§ Provided material
_ _ _ _
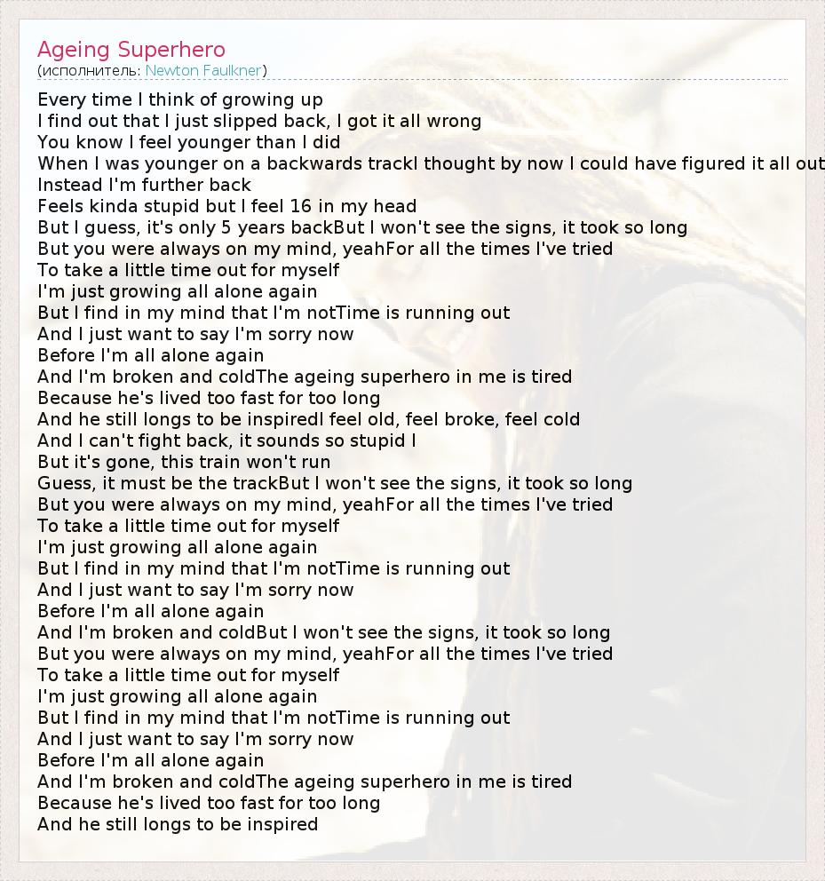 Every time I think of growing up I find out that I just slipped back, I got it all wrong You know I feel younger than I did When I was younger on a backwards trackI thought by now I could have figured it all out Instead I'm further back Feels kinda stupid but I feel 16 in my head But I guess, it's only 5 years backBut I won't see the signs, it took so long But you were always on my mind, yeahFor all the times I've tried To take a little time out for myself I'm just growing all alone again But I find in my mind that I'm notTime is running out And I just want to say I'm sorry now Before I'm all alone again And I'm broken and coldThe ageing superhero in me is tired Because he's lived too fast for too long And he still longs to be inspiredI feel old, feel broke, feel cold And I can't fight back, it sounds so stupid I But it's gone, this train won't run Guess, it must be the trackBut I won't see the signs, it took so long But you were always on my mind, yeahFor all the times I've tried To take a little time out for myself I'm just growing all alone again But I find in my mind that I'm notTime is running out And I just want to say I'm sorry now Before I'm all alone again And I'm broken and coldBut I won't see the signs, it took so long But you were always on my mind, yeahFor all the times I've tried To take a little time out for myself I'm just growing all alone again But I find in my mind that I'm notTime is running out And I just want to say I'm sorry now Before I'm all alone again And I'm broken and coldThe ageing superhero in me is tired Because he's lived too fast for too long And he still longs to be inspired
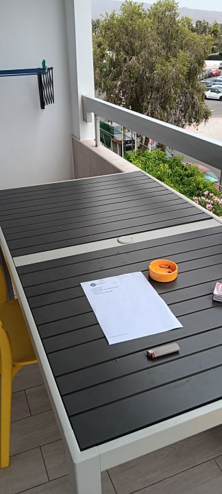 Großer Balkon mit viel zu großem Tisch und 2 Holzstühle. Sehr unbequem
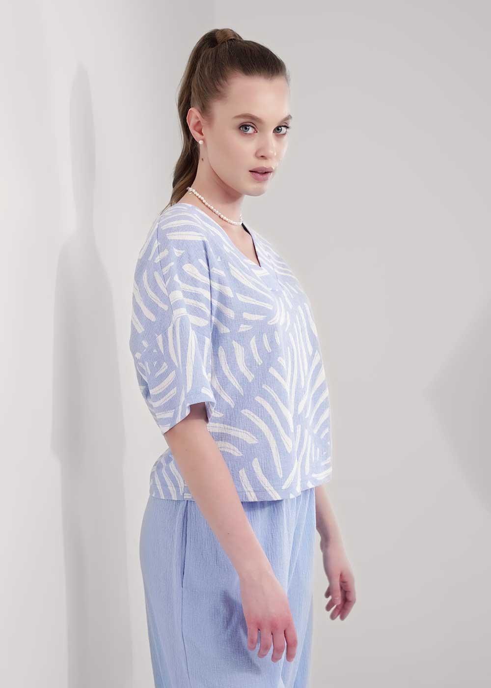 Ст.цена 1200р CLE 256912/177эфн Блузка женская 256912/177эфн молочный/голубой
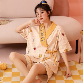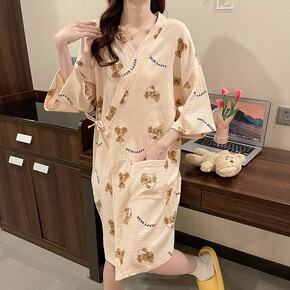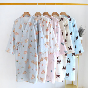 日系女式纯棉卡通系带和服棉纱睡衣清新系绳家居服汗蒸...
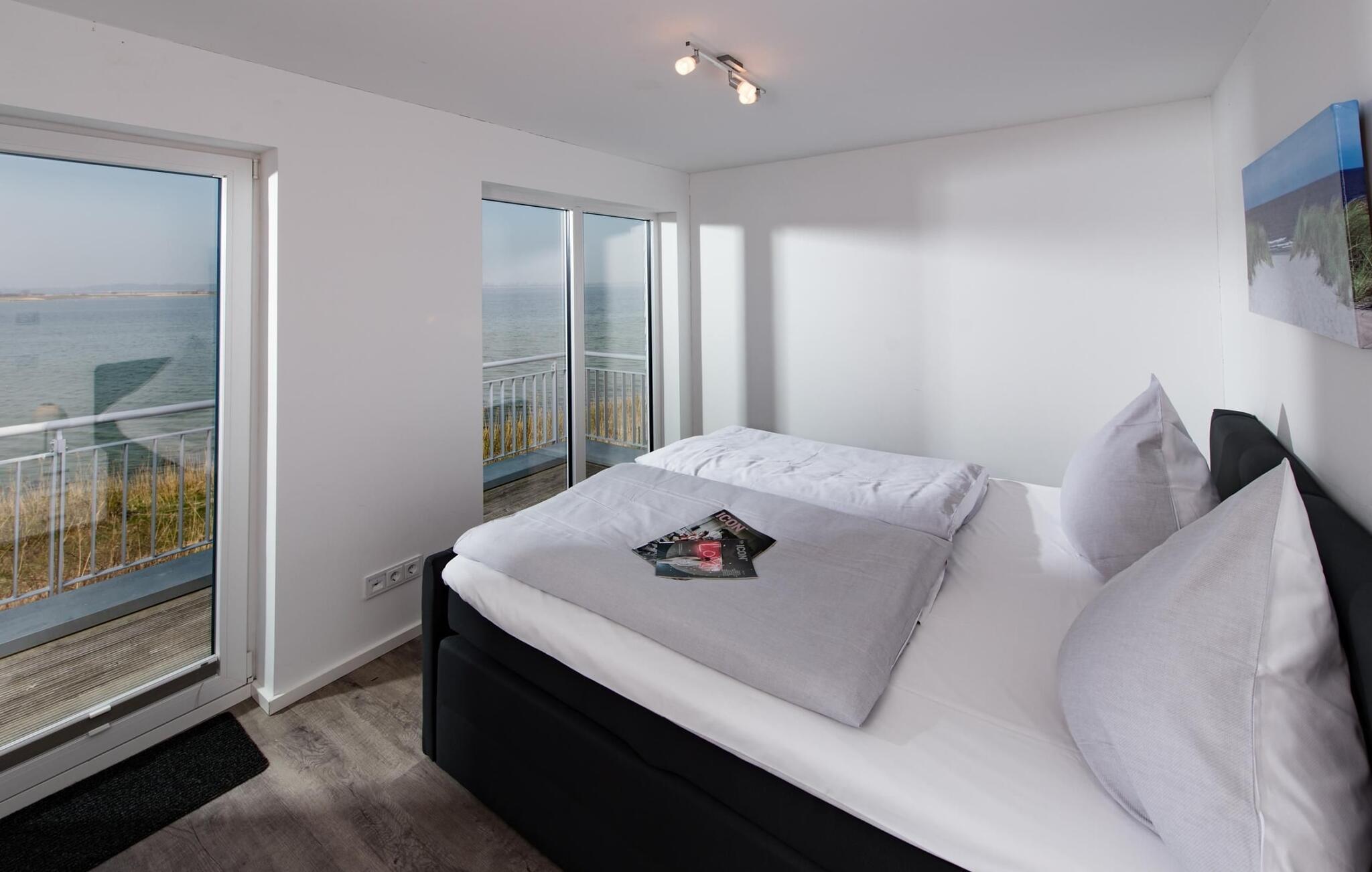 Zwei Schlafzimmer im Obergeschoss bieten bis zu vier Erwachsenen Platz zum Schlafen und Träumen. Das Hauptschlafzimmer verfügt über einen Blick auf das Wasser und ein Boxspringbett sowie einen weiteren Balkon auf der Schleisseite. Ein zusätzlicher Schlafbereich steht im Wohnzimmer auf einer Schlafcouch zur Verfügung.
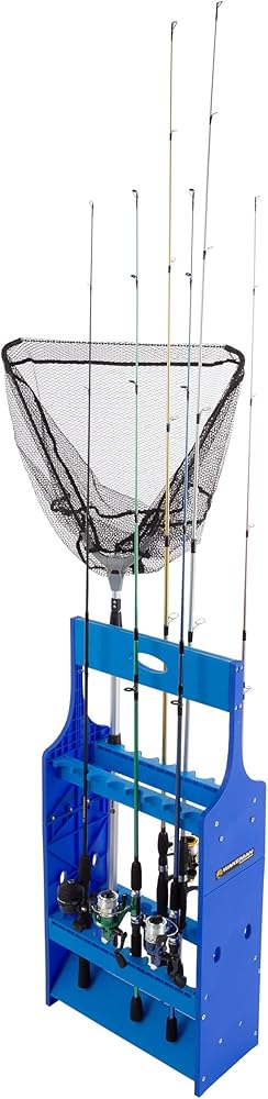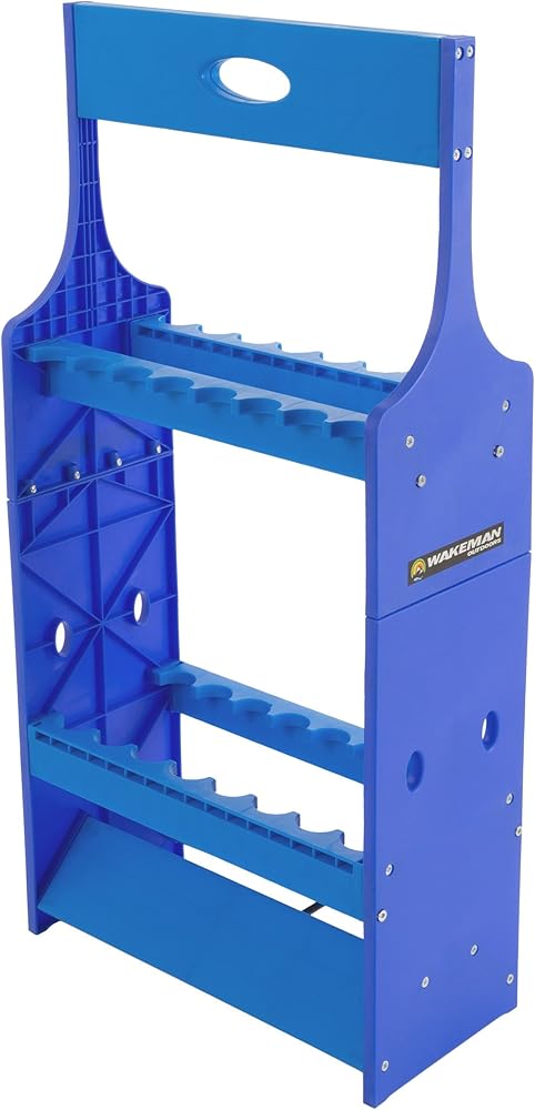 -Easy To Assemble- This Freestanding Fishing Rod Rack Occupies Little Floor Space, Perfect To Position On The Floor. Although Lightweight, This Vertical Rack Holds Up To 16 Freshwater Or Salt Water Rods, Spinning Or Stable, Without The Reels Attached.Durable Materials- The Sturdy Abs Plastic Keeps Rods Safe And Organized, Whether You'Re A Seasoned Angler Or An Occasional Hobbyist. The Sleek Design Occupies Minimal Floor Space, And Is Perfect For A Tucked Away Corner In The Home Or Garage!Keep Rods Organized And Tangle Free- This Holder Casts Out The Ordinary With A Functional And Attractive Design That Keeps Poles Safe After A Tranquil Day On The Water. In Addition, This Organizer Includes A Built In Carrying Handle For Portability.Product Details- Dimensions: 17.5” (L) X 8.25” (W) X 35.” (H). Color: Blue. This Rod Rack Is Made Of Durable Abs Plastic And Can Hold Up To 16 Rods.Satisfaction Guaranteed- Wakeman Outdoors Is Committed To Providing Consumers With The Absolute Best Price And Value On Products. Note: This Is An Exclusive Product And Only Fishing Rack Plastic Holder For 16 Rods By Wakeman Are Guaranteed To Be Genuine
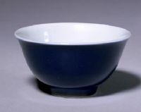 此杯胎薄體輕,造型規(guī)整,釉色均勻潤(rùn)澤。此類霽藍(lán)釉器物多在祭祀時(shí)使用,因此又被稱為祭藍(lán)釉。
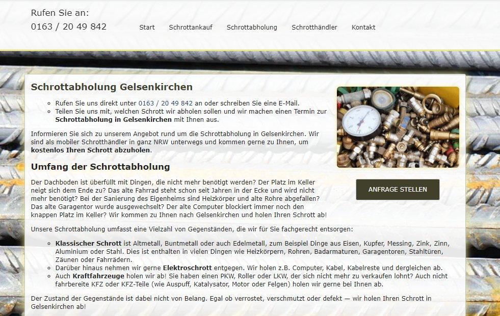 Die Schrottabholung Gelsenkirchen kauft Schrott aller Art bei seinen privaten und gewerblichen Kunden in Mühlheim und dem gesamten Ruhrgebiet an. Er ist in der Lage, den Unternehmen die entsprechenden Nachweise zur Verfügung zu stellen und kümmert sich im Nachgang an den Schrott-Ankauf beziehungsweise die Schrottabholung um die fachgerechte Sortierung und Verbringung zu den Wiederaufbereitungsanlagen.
_ _ _ _
§ Your goal
Look through the material above. Transcribe exactly the lines between the ones with "Großer Balkon mit" and "Zwei Schlafzimmer im", inclusive, and keep pictures out.

§ Answer box
 Großer Balkon mit viel zu großem Tisch und 2 Holzstühle. Sehr unbequem
 Ст.цена 1200р CLE 256912/177эфн Блузка женская 256912/177эфн молочный/голубой
 日系女式纯棉卡通系带和服棉纱睡衣清新系绳家居服汗蒸...
 Zwei Schlafzimmer im Obergeschoss bieten bis zu vier Erwachsenen Platz zum Schlafen und Träumen. Das Hauptschlafzimmer verfügt über einen Blick auf das Wasser und ein Boxspringbett sowie einen weiteren Balkon auf der Schleisseite. Ein zusätzlicher Schlafbereich steht im Wohnzimmer auf einer Schlafcouch zur Verfügung.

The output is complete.